**DESCRIPTION OF THE TASK:** Repeat every entry exactly. Pictures stay out.

------ INPUT DATA

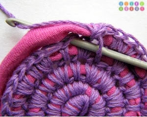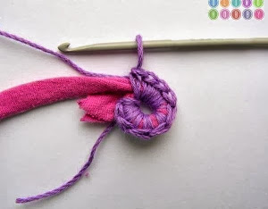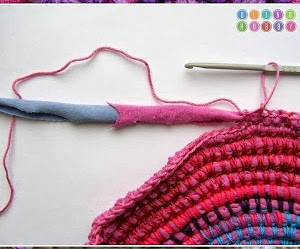 Cuando hayáis dado la vuelta tenéis que unir el final de la vuelta con el principio utilizando un punto bajo, procurar siempre que el trapillo quede en medio del punto , como si estuvierais forrando el trapillo.
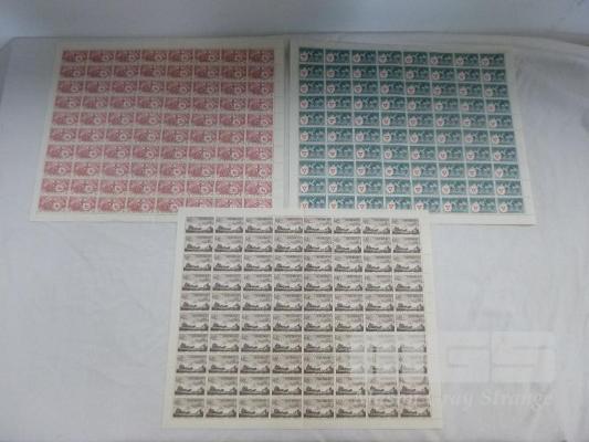 3 X AUSTRALIA, PRE-DECIMAL, BLOCK, MINT, STAMP SHEETS
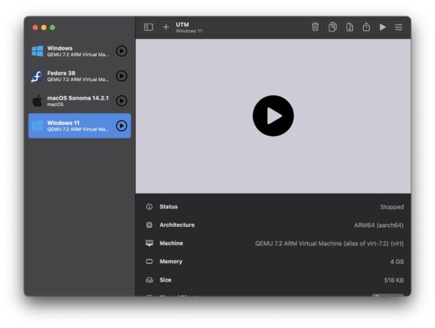 每当您想要启动 Windows 11 时,只需打开 UTM 并启动 Windows 11 虚拟机即可。
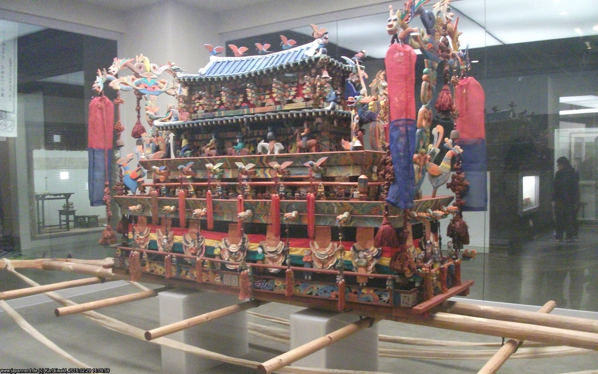 rechts hinter dem Palast befindet sich das National Folk Museum, das koreanisches Brauchtum zeigt, beispielsweise Kleidung, Nahrung und ihre Zubereitung, Medizin: Die Herstellung von Dubu (Tofu) ist erläutert, es gibt ein Stoffpuppe, auf der die Akupunkturlinien aufgezeichnet sind, typische Gerichte und die verschiedenen Varianten von Kimchi, oder eine Totenbahre, die in einer Gemeinde zum gemeinsamen Gebrauch vorgehalten wurde:
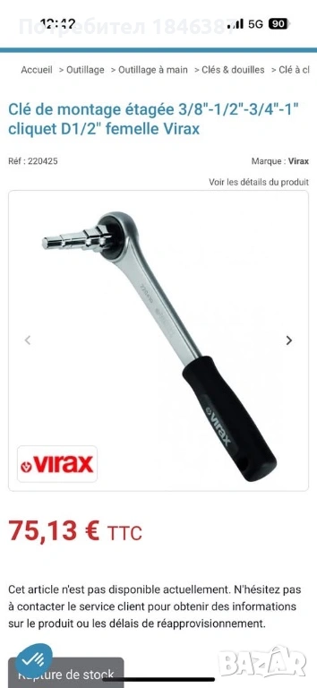 Тресчотка и многостъпален ключ Virax France → Обява 53897257
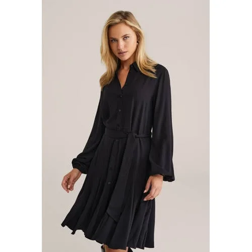 Deze WE Fashion jurk heeft lange mouwen en een klassieke kraag. De jurk is gemaakt van viscose en heeft een knoopsluiting, ceintuur, plooien en riemlussen. De lengte is kort.
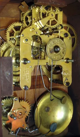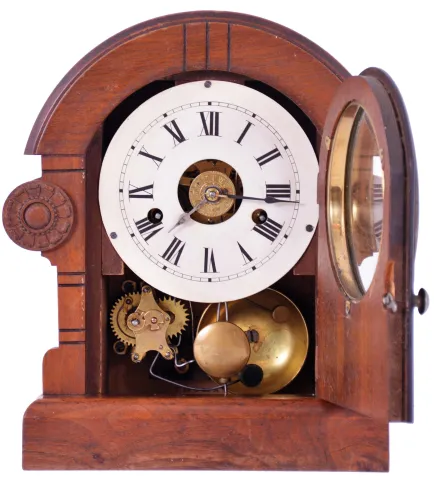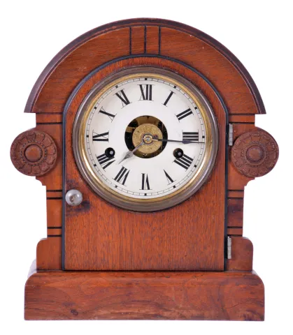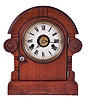 Seth Thomas Clock Co., Thomaston, Conn. with a spring driven 30 hour time, strike and alarm movement shelf clock in a mahogany veneered case.
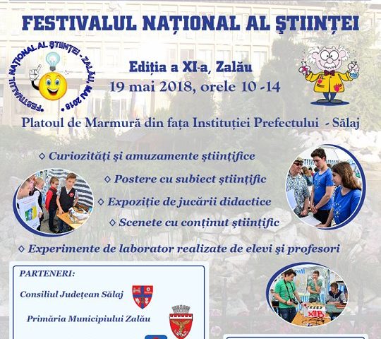 Sâmbătă, 19 mai 2018, la ora 10, pe platoul din faţa Prefecturii Judeţului Sălaj, elevi și profesori din mai multe județe vor participa la “ Festivalul Naţional al Ştiinţei-Zalău”, ediţia a XI-a.
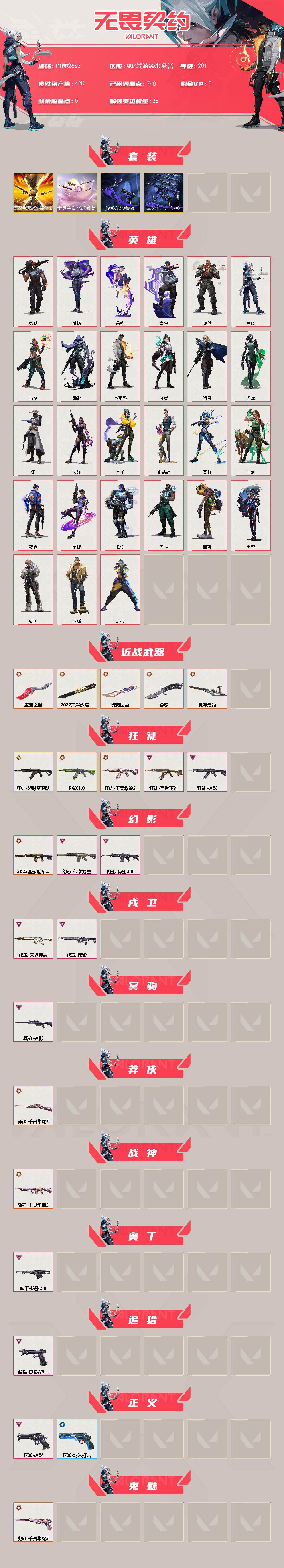 【套装】:2022全球冠军赛套装,千灵华绽//2.0套装,掠影//3.0套装,回火礼包:掠影套装 【英雄】:幻棱,炼狱,维斯,暮蝶,钛狐,壹决,铁臂,捷风,雷兹,幽影,不死鸟,贤者,猎枭,蝰蛇,零,芮娜,奇乐,尚勃勒,霓虹,斯凯,夜露,星礈,k/o,海神,盖可,黑梦,钢锁 【近战武器】:近战武器-2022全球冠军赛 蝴蝶刀,近战武器-脉冲焰矩,近战武器-影蝶,近战武器-流风回雪,近战武器-盖亚
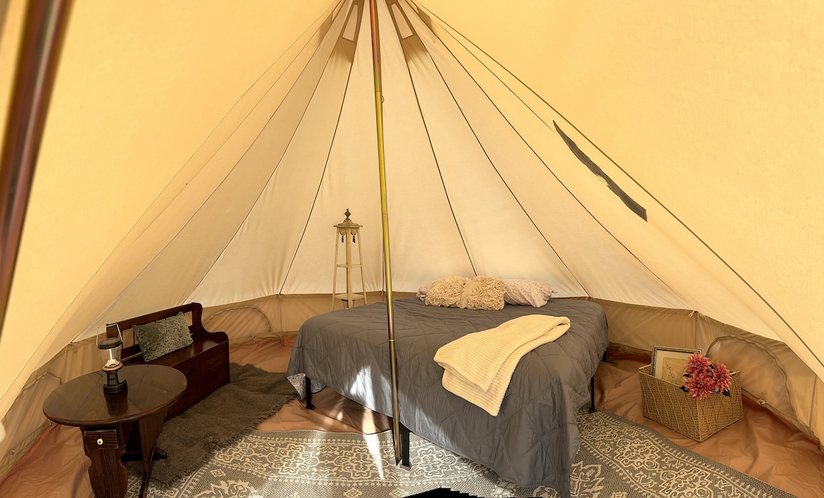 Venture to the endless mountains and relax in your own cozy glamping tent. Experience the perfect blend of nature and comfort—just bring your food and drinks. We provide a queen-size bed with soft sheets and warm blankets for a restful night’s sleep. Step outside your tent to unwind on your deck and take in some of the best sunset views in NEPA. HIGHLIGHTS ✓ Cozy space for two ✓ Stargazing, and (communal/shared) hot tub, outdoor kitchenette, fire pit ✓ Trails, views & outdoor peace
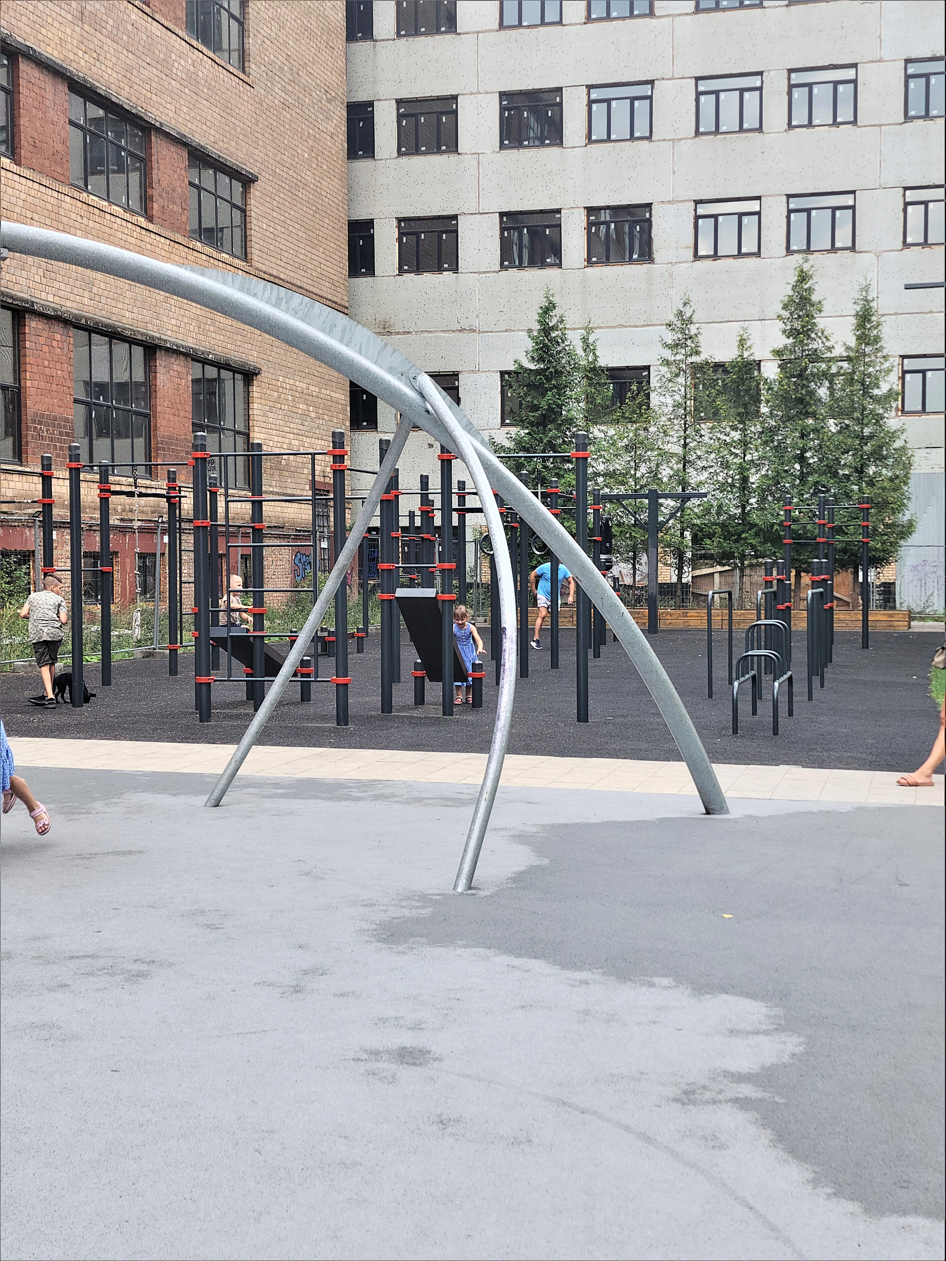 Внутри комплекса много детских площадок и спортивных зон: от футбольного поля и качелей до зоны воркаута.

------------

**WRITTEN ANSWER:**
 Cuando hayáis dado la vuelta tenéis que unir el final de la vuelta con el principio utilizando un punto bajo, procurar siempre que el trapillo quede en medio del punto , como si estuvierais forrando el trapillo.
 3 X AUSTRALIA, PRE-DECIMAL, BLOCK, MINT, STAMP SHEETS
 每当您想要启动 Windows 11 时,只需打开 UTM 并启动 Windows 11 虚拟机即可。
 rechts hinter dem Palast befindet sich das National Folk Museum, das koreanisches Brauchtum zeigt, beispielsweise Kleidung, Nahrung und ihre Zubereitung, Medizin: Die Herstellung von Dubu (Tofu) ist erläutert, es gibt ein Stoffpuppe, auf der die Akupunkturlinien aufgezeichnet sind, typische Gerichte und die verschiedenen Varianten von Kimchi, oder eine Totenbahre, die in einer Gemeinde zum gemeinsamen Gebrauch vorgehalten wurde:
 Тресчотка и многостъпален ключ Virax France → Обява 53897257
 Deze WE Fashion jurk heeft lange mouwen en een klassieke kraag. De jurk is gemaakt van viscose en heeft een knoopsluiting, ceintuur, plooien en riemlussen. De lengte is kort.
 Seth Thomas Clock Co., Thomaston, Conn. with a spring driven 30 hour time, strike and alarm movement shelf clock in a mahogany veneered case.
 Sâmbătă, 19 mai 2018, la ora 10, pe platoul din faţa Prefecturii Judeţului Sălaj, elevi și profesori din mai multe județe vor participa la “ Festivalul Naţional al Ştiinţei-Zalău”, ediţia a XI-a.
 【套装】:2022全球冠军赛套装,千灵华绽//2.0套装,掠影//3.0套装,回火礼包:掠影套装 【英雄】:幻棱,炼狱,维斯,暮蝶,钛狐,壹决,铁臂,捷风,雷兹,幽影,不死鸟,贤者,猎枭,蝰蛇,零,芮娜,奇乐,尚勃勒,霓虹,斯凯,夜露,星礈,k/o,海神,盖可,黑梦,钢锁 【近战武器】:近战武器-2022全球冠军赛 蝴蝶刀,近战武器-脉冲焰矩,近战武器-影蝶,近战武器-流风回雪,近战武器-盖亚
 Venture to the endless mountains and relax in your own cozy glamping tent. Experience the perfect blend of nature and comfort—just bring your food and drinks. We provide a queen-size bed with soft sheets and warm blankets for a restful night’s sleep. Step outside your tent to unwind on your deck and take in some of the best sunset views in NEPA. HIGHLIGHTS ✓ Cozy space for two ✓ Stargazing, and (communal/shared) hot tub, outdoor kitchenette, fire pit ✓ Trails, views & outdoor peace
 Внутри комплекса много детских площадок и спортивных зон: от футбольного поля и качелей до зоны воркаута.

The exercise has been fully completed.